**Aim of the exercise:** Give back the exact lines of the material below from the one containing "Trendy manželská posteľ" through the one containing "2023年,建科院取得的累累", and no pictures.
(Given data Opens)
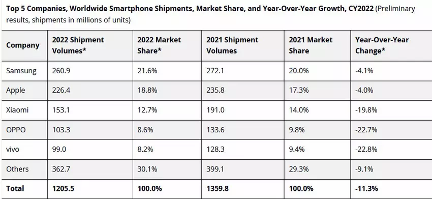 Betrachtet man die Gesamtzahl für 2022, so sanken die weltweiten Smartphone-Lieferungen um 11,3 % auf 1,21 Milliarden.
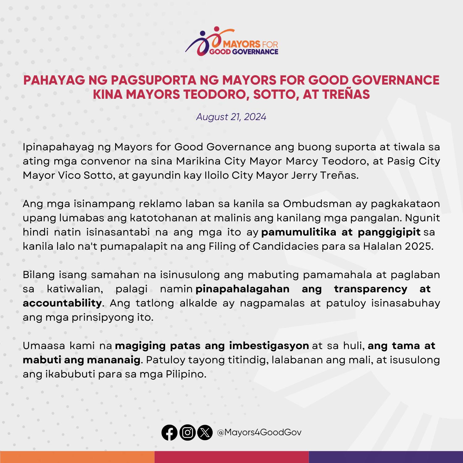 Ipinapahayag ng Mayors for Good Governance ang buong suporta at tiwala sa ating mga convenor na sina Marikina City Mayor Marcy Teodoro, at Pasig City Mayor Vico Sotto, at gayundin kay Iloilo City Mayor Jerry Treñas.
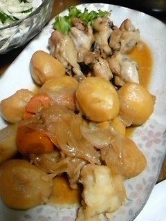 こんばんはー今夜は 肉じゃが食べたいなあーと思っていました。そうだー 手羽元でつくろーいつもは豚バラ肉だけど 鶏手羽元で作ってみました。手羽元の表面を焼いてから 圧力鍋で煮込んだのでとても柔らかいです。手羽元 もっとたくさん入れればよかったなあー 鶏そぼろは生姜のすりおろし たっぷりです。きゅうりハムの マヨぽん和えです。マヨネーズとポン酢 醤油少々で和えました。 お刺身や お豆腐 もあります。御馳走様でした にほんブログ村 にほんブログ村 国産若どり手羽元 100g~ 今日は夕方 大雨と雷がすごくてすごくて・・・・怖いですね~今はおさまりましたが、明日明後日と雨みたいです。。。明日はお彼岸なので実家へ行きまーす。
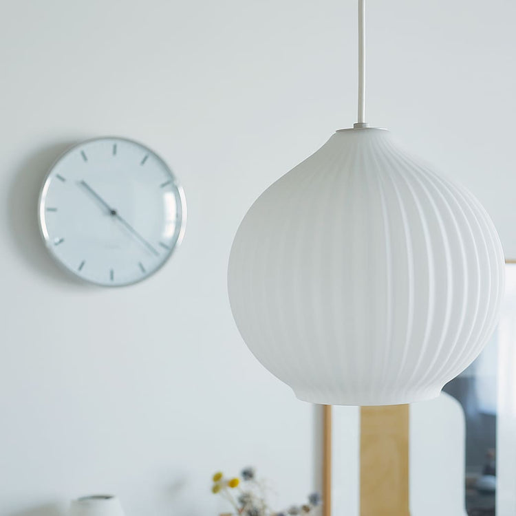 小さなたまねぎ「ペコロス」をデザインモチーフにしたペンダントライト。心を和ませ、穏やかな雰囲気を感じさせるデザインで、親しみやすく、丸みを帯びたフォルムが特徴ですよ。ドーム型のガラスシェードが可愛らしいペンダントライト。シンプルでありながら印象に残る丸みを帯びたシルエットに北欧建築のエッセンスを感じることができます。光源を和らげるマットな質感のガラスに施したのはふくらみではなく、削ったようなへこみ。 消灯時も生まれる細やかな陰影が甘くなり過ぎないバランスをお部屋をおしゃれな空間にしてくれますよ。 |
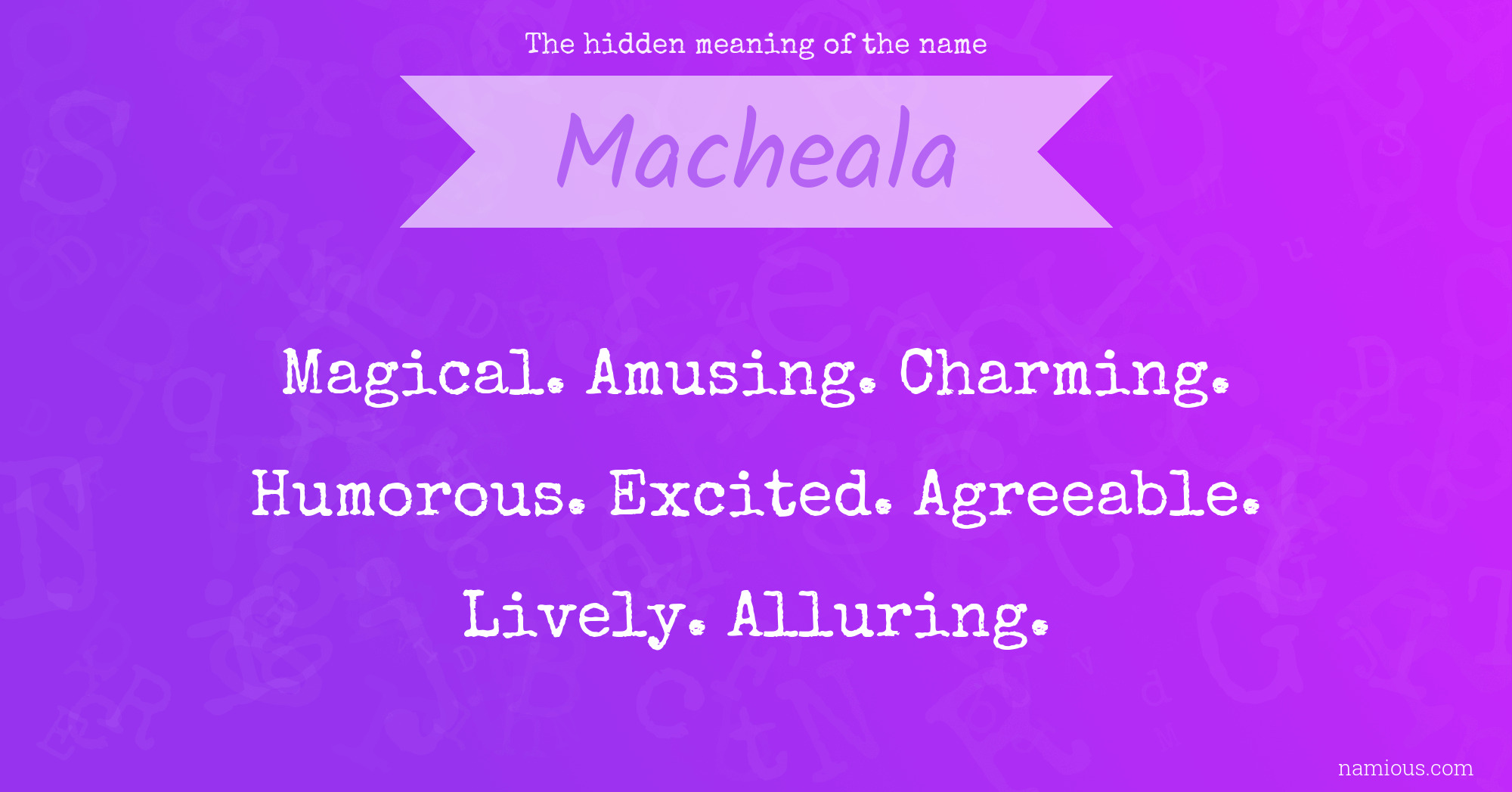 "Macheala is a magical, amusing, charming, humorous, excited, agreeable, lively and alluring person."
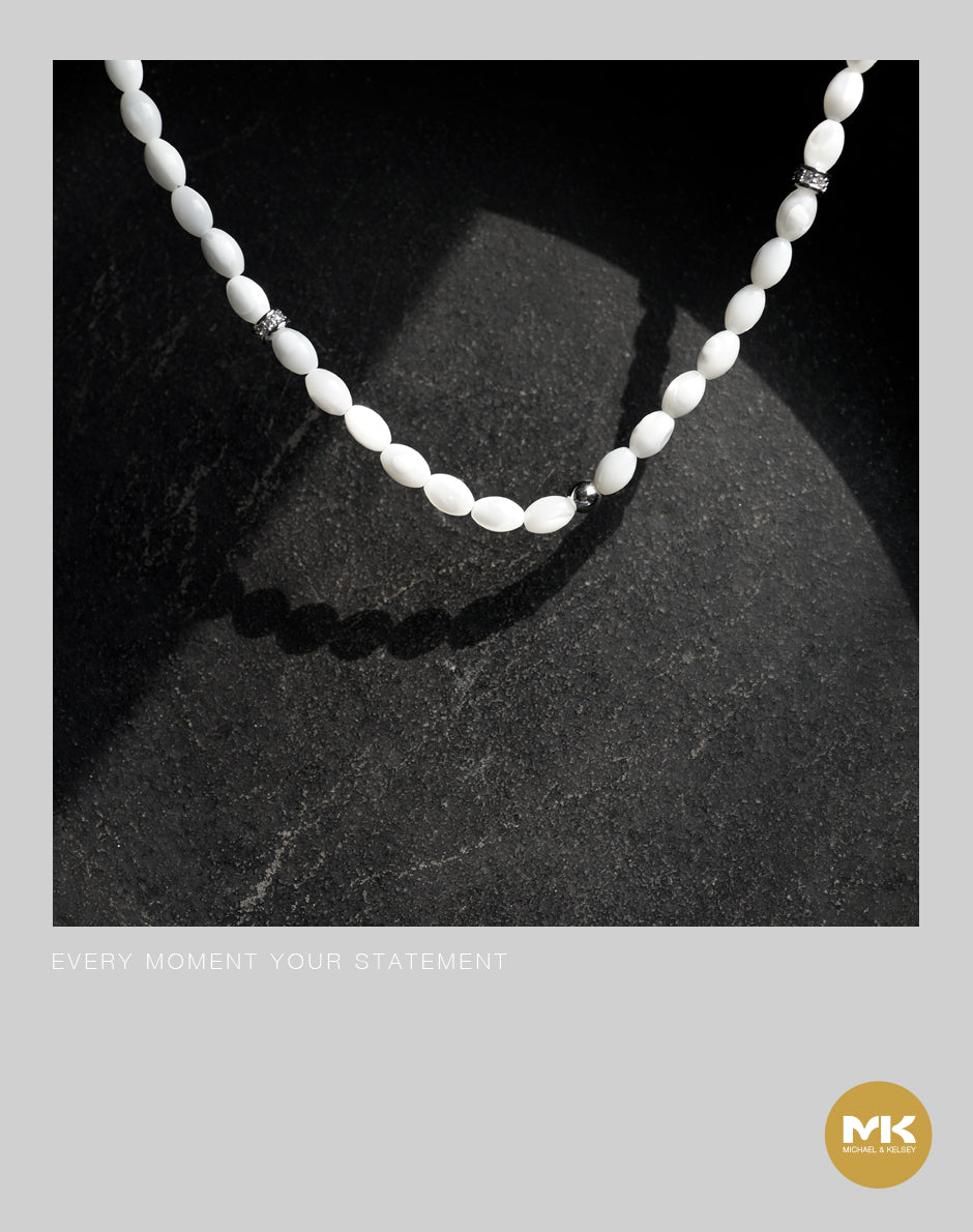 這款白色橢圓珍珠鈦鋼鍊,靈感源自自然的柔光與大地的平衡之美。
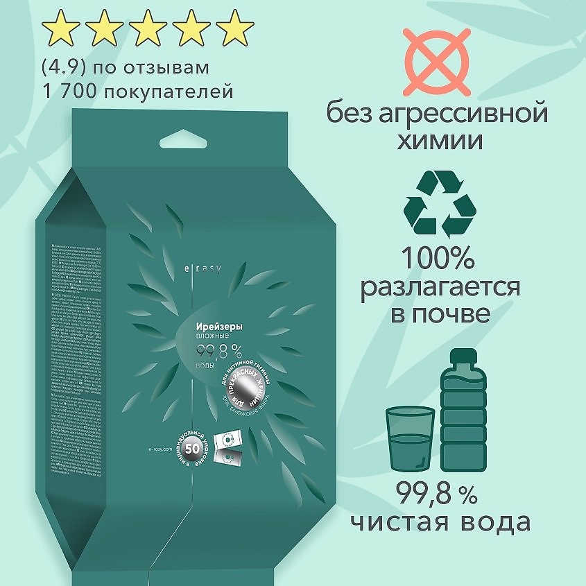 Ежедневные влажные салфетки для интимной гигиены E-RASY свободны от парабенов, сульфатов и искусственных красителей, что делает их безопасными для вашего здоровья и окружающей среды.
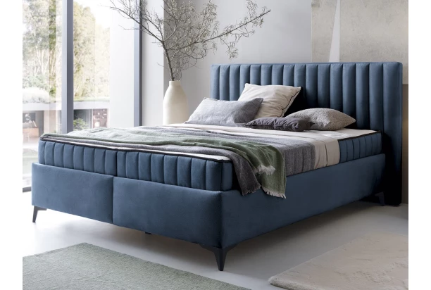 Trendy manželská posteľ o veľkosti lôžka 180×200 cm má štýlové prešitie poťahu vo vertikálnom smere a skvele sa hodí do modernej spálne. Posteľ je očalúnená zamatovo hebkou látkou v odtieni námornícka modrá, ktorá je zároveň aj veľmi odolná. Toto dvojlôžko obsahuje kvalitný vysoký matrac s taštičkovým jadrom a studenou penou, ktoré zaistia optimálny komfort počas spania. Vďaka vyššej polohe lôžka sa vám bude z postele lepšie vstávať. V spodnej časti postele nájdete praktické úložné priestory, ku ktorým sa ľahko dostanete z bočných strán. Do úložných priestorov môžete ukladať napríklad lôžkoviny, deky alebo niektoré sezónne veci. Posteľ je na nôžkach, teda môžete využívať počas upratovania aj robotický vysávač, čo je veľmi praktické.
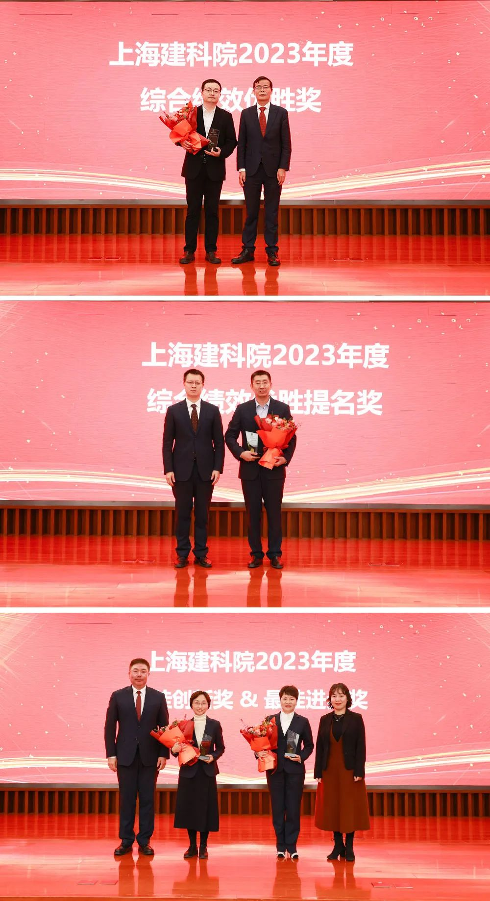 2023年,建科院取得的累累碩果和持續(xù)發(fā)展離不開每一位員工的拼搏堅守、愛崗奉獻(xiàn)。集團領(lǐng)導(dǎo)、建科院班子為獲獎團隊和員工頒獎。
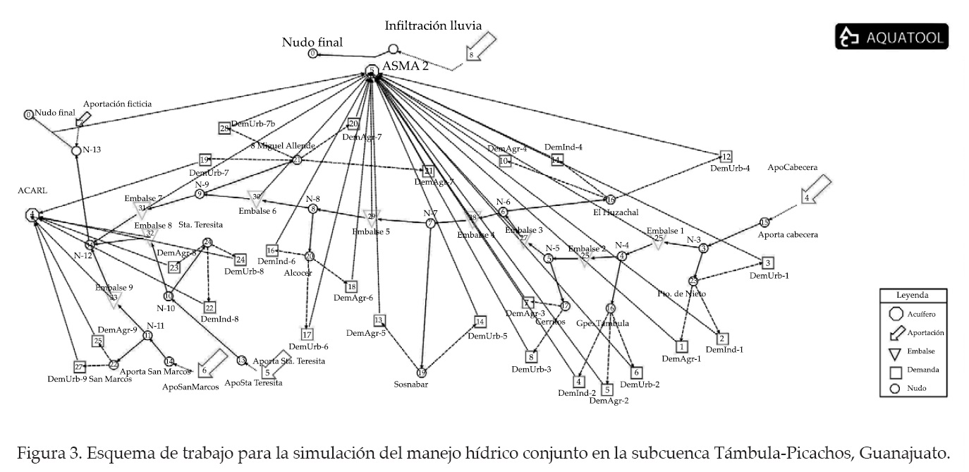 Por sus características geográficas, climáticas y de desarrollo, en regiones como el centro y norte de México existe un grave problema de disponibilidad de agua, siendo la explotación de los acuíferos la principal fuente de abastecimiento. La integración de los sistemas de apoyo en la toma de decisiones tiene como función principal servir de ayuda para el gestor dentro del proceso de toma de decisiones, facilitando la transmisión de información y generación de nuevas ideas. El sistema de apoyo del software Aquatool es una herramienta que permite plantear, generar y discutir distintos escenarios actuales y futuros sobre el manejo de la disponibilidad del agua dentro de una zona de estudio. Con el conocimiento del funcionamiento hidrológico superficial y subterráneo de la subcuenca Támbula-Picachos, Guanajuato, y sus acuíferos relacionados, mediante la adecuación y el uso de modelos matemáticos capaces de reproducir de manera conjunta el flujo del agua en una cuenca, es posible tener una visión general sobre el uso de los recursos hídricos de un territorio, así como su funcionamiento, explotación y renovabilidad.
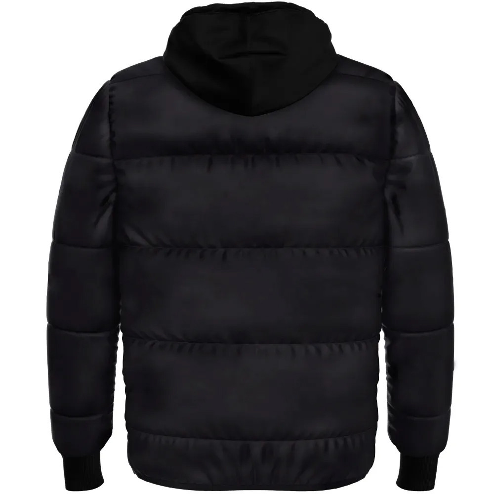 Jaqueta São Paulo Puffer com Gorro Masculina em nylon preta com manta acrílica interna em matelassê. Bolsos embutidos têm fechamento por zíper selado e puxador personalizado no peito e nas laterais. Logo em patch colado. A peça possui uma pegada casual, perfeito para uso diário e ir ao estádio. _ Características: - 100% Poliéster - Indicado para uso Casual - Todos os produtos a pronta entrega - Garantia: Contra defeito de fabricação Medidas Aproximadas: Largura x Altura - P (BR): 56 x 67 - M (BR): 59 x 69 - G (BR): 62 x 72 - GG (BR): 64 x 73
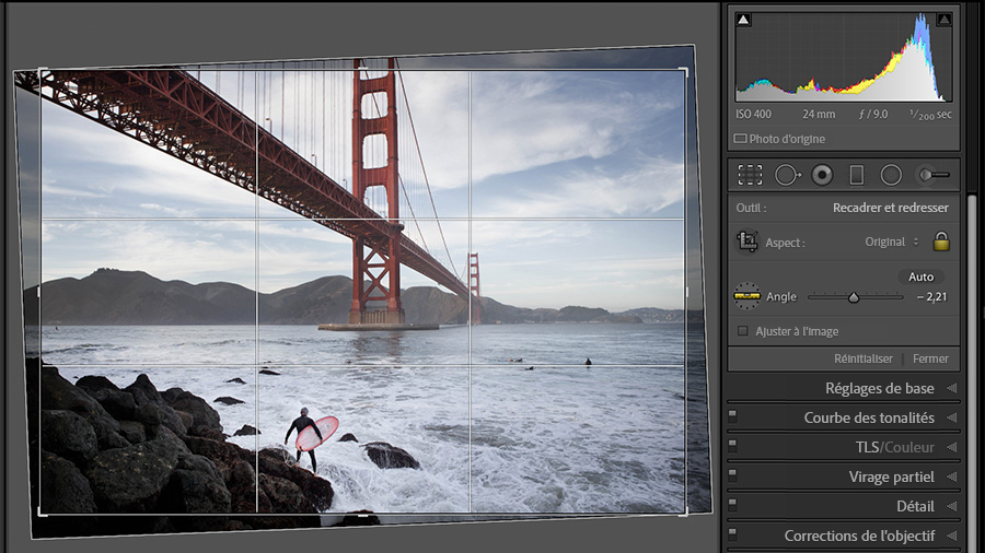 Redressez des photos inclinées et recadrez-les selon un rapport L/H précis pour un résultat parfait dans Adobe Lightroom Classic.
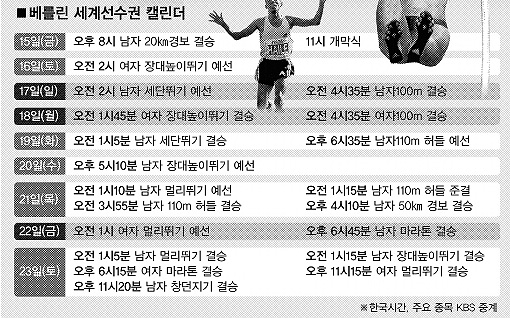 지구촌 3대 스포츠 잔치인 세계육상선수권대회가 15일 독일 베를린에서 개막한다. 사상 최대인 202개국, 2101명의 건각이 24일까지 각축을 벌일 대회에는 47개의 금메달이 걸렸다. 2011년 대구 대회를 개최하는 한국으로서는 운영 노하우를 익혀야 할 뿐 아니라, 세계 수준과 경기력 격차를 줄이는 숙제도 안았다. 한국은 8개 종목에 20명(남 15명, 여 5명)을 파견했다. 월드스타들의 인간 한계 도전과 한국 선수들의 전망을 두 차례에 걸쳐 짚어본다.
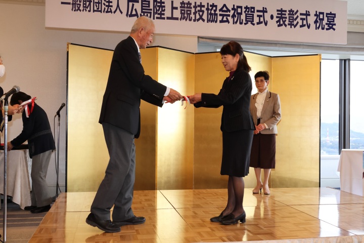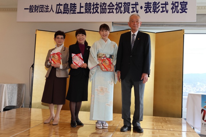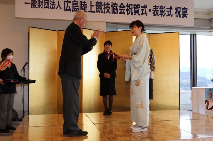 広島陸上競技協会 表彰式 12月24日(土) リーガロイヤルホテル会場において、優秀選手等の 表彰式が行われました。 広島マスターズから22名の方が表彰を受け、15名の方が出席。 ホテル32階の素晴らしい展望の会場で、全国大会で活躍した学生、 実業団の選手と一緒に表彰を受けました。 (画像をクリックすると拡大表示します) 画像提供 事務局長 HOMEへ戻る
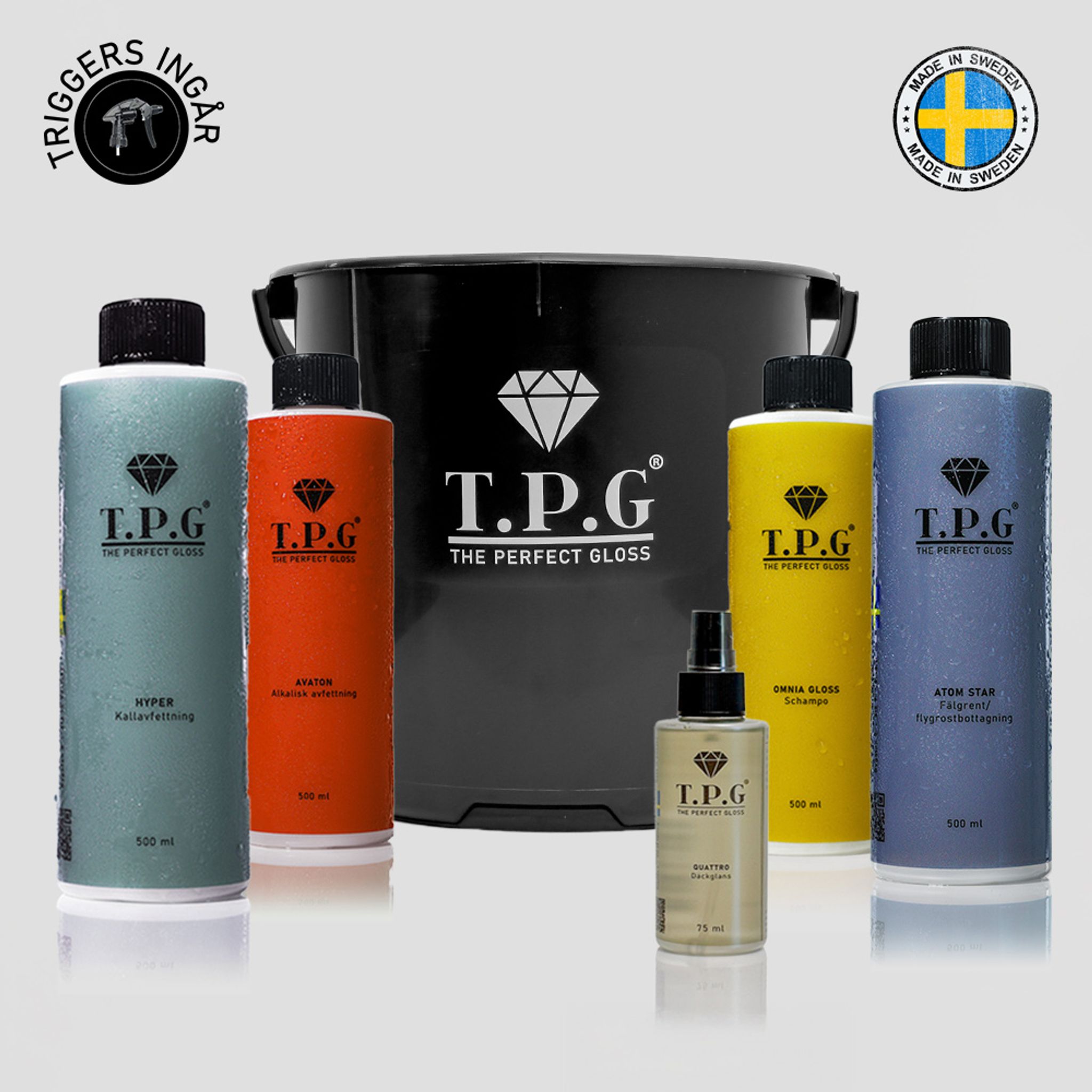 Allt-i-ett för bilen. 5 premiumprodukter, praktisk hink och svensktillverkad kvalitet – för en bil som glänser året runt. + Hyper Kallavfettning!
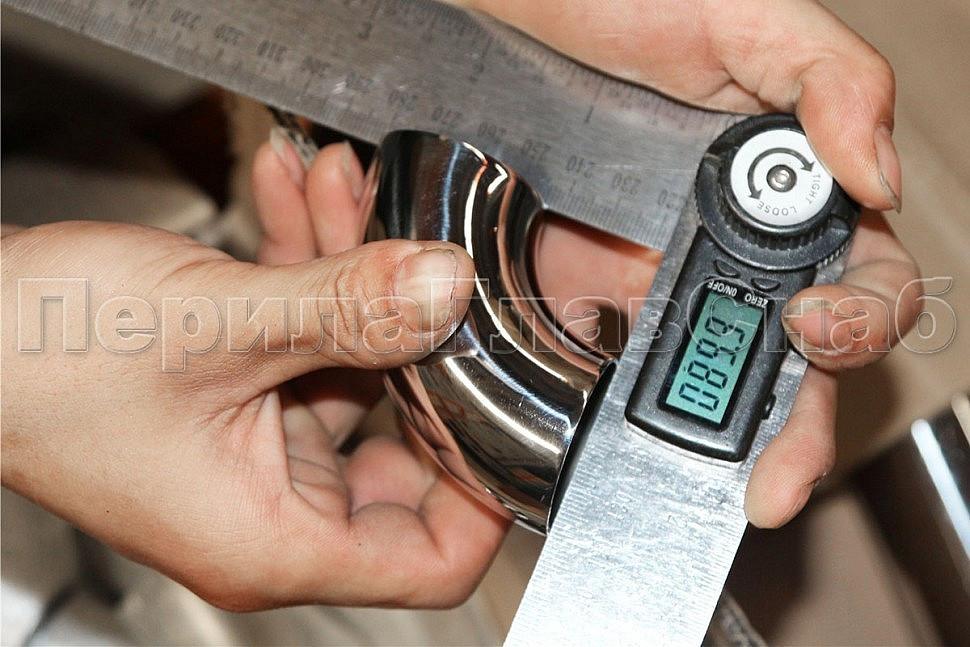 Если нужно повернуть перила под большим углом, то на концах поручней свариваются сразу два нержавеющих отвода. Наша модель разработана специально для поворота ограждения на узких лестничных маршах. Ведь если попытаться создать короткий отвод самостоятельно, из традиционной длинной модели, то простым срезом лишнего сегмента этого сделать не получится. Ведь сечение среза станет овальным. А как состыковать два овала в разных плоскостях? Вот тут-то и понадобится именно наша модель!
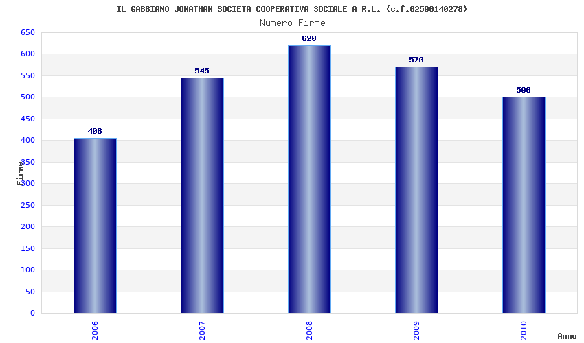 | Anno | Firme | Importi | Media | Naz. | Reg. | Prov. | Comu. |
(Given data Closes)
**Problem solution:**
 Trendy manželská posteľ o veľkosti lôžka 180×200 cm má štýlové prešitie poťahu vo vertikálnom smere a skvele sa hodí do modernej spálne. Posteľ je očalúnená zamatovo hebkou látkou v odtieni námornícka modrá, ktorá je zároveň aj veľmi odolná. Toto dvojlôžko obsahuje kvalitný vysoký matrac s taštičkovým jadrom a studenou penou, ktoré zaistia optimálny komfort počas spania. Vďaka vyššej polohe lôžka sa vám bude z postele lepšie vstávať. V spodnej časti postele nájdete praktické úložné priestory, ku ktorým sa ľahko dostanete z bočných strán. Do úložných priestorov môžete ukladať napríklad lôžkoviny, deky alebo niektoré sezónne veci. Posteľ je na nôžkach, teda môžete využívať počas upratovania aj robotický vysávač, čo je veľmi praktické.
 2023年,建科院取得的累累碩果和持續(xù)發(fā)展離不開每一位員工的拼搏堅守、愛崗奉獻(xiàn)。集團領(lǐng)導(dǎo)、建科院班子為獲獎團隊和員工頒獎。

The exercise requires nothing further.